Personal information
- Full name: Alfred H. Ricketts
- Born: February 1870 England
- Died: Unknown
- Sporting nationality: England United States
- Spouse: Nettie Brooks

Career
- Status: Professional

Best results in major championships
- Masters Tournament: DNP
- PGA Championship: DNP
- U.S. Open: T6: 1897
- The Open Championship: DNP

= Alfred Ricketts =

English professional golfer (1870–unknown)

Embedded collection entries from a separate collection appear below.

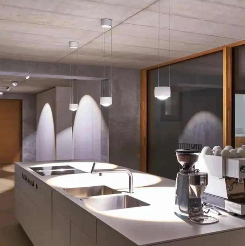 changer la configuration lumineuse devient simple grâce aux multiples niveaux proposés par cette suspension. en variant la hauteur des cylindres, on peut moduler l’atmosphère, passant d’un environnement chaleureux et feutré à un éclairage plus vif pour les moments conviviaux. cette flexibilité transforme l’installation en véritable outil de scénographie intérieure.
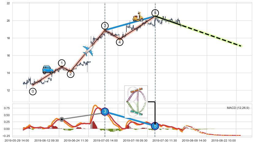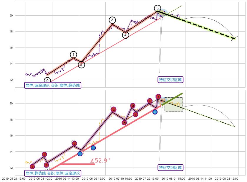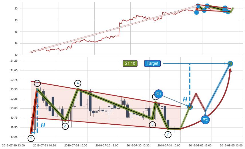 ➢ 最后的上涨趋势2019-05-23 09:30至2019-07-23 13:00:存在破位迹象,后续小调整或者反转下跌
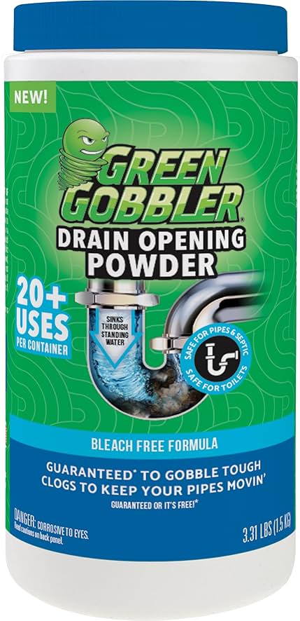 The Green Gobbler Drain Clog Remover & Drain Cleaner Powder scores high on sustainability due to its eco-friendly and septic-safe formula. It does not contain bleach or sodium hydroxide, making it safe for pipes, septic systems, and the environment. The product's effectiveness in breaking down tough clogs reduces the need for harsher chemical cleaners, promoting a more eco-conscious approach to drain maintenance.
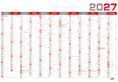 Nástěnný roční kalendář B1 - červený

Alfred H. Ricketts (born February 1870) was an English professional golfer who played in the late 19th and early 20th century.

==Early life==
In 1888, Ricketts emigrated from England to the United States and took a job as a golf instructor at the Country Club of Rochester in Rochester, New York, where he instructed Rochester-born Walter Hagen and others on the finer points of golf. In 1900 he married Nettie Brooks and born to them was a son, Albert G. Ricketts, circa 1902.

==Golf career==
Ricketts tied for sixth place, with Bernard Nicholls, in the 1897 U.S. Open, held at Chicago Golf Club in Wheaton, Illinois. He got off to a poor start with an opening round 91 but with a full 10-shot improvement in round two at 81 he finished high on the leaderboard. He didn't win any prize money; only the top-5 finishers received a prize. Ricketts also had a tenth place finish in the 1896 U.S. Open by carding rounds of 80-83=163.

==Later life==
By 1910, his wife had died and he was a widower. In 1930, likely as a result of the Great Depression, he was no longer in the golf business but rather was working as a packer and stamper in a metal fabrication factory.

==Death==
Ricketts' date of death is unknown.

==Results in major championships==

| Tournament | 1896 | 1897 | 1898 | 1899 |
|---|---|---|---|---|
| U.S. Open | 10 | T6 | ? | 16 |

Note: Ricketts played only in the U.S. Open.